Write out all the data verbatim. Skip images.

◆ PROVIDED DATA
•••
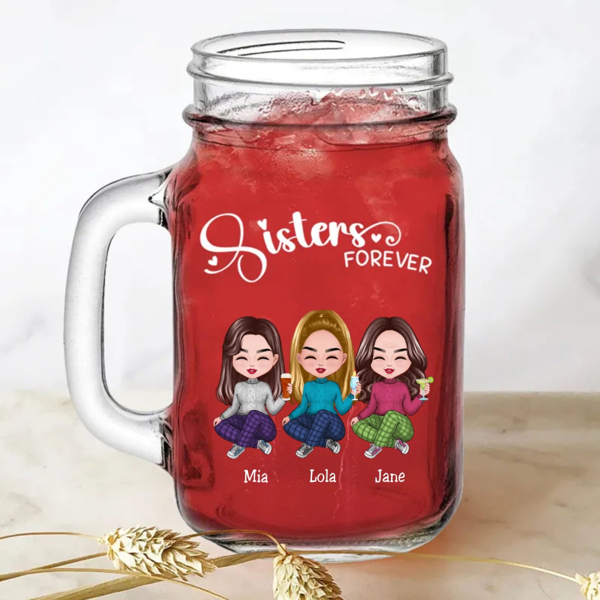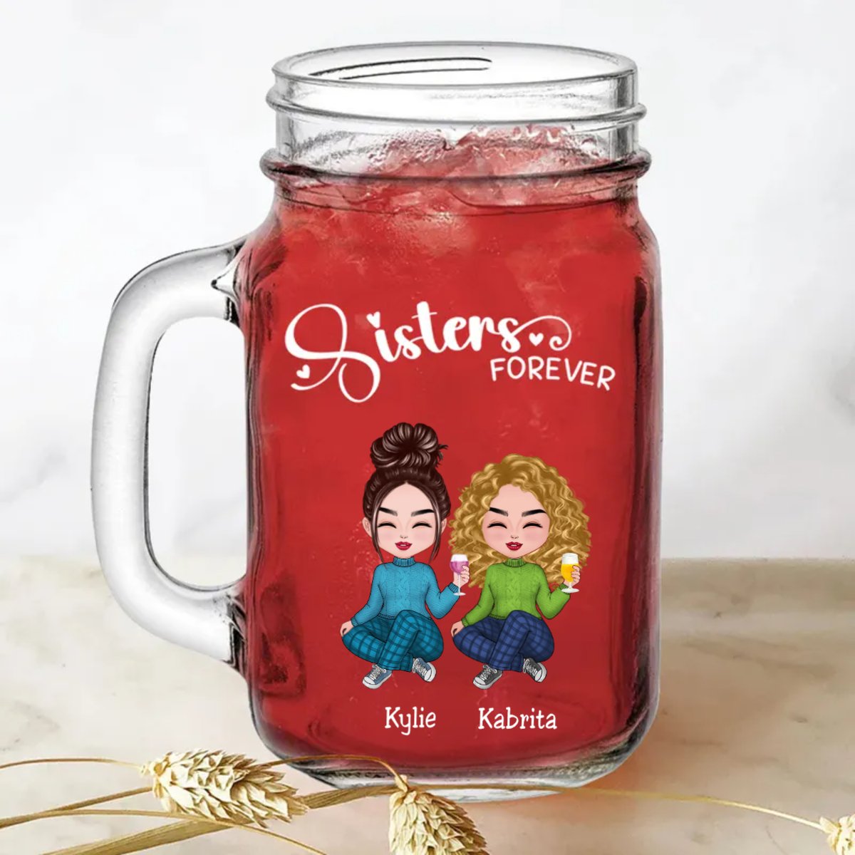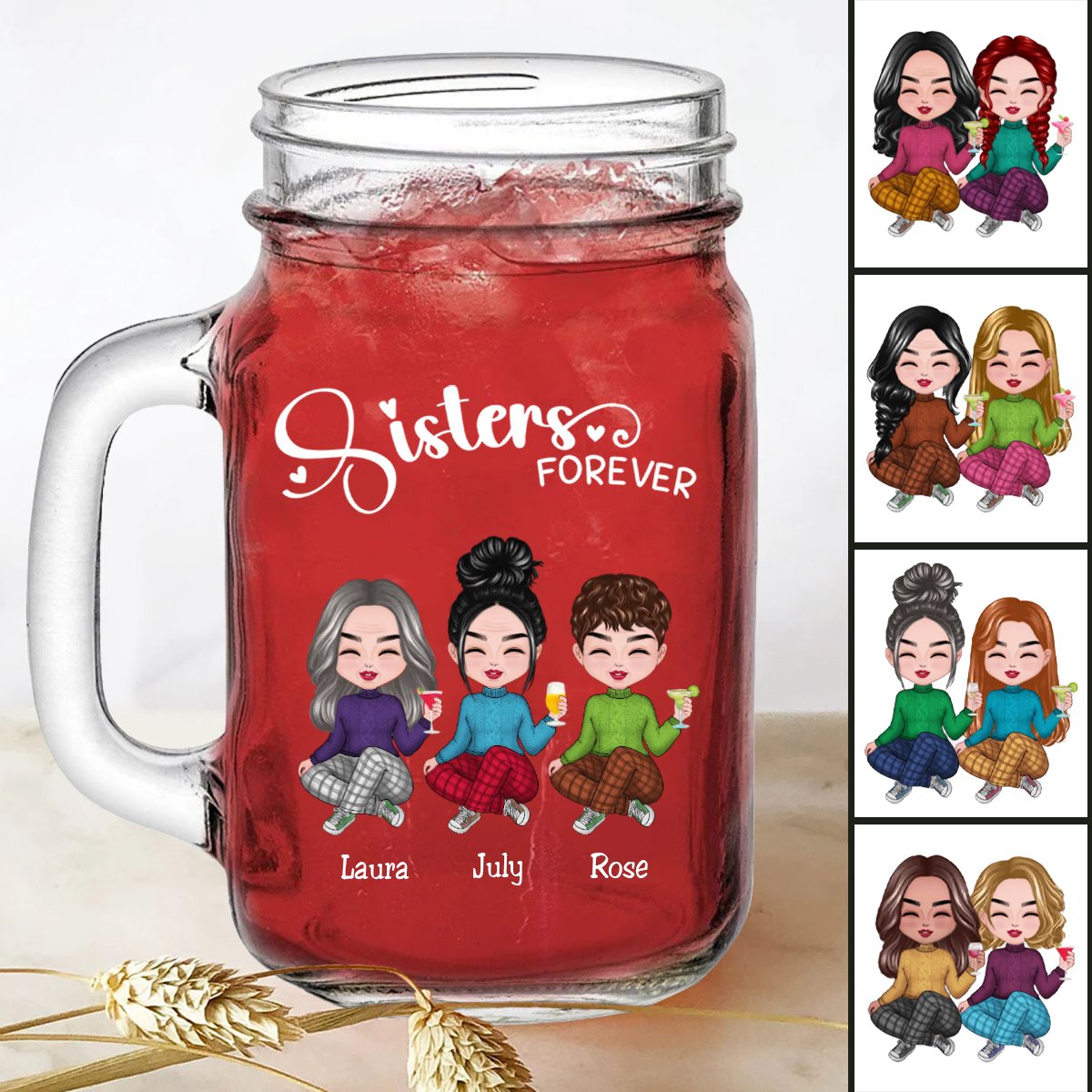 Sisters - Sisters Forever - Personalize Drinking Jar (White)
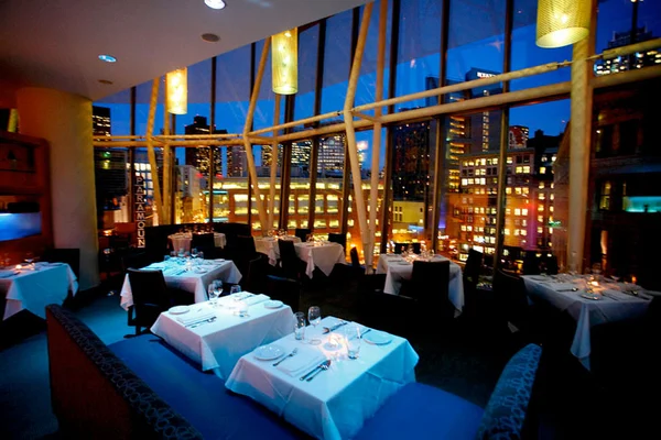 "The contemporary space is filled with brushed metals, natural light, curvy banquettes and cool angles with an all-encompassing view of Downtown Crossing." Full review
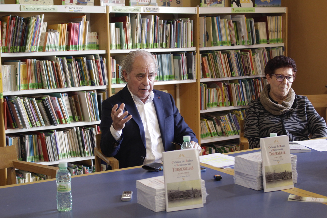 La Biblioteca Municipal de Tordesillas ha acogido este miércoles la presentación del último libro del escritor tordesillano Antonio Benito, quien, acompañado de Rita Santiago, ha dado a conocer las claves para entender la historia, valorar las anécdotas que en él se cuentan y aprender del pasado de la localidad. ‘Crónica de ruina y resistencia, Tordesillas 1785-1853’ se muestra así como la nueva publicación de este autor que desde hace años busca acercar a los tordesillanos su historia a través de libros que recojan los hechos más llamativos y “menos conocidos”.
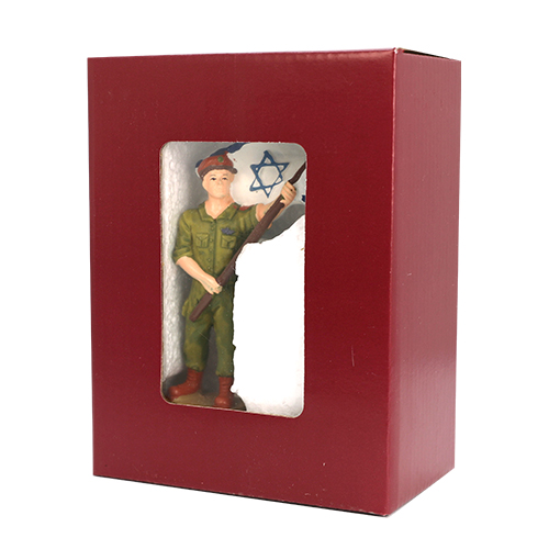 חייל צהל פוליריזן עומד על במה עם דגל 11 ס"מ
•••
◆ THE ANSWER
 Sisters - Sisters Forever - Personalize Drinking Jar (White)
 "The contemporary space is filled with brushed metals, natural light, curvy banquettes and cool angles with an all-encompassing view of Downtown Crossing." Full review
 La Biblioteca Municipal de Tordesillas ha acogido este miércoles la presentación del último libro del escritor tordesillano Antonio Benito, quien, acompañado de Rita Santiago, ha dado a conocer las claves para entender la historia, valorar las anécdotas que en él se cuentan y aprender del pasado de la localidad. ‘Crónica de ruina y resistencia, Tordesillas 1785-1853’ se muestra así como la nueva publicación de este autor que desde hace años busca acercar a los tordesillanos su historia a través de libros que recojan los hechos más llamativos y “menos conocidos”.
 חייל צהל פוליריזן עומד על במה עם דגל 11 ס"מ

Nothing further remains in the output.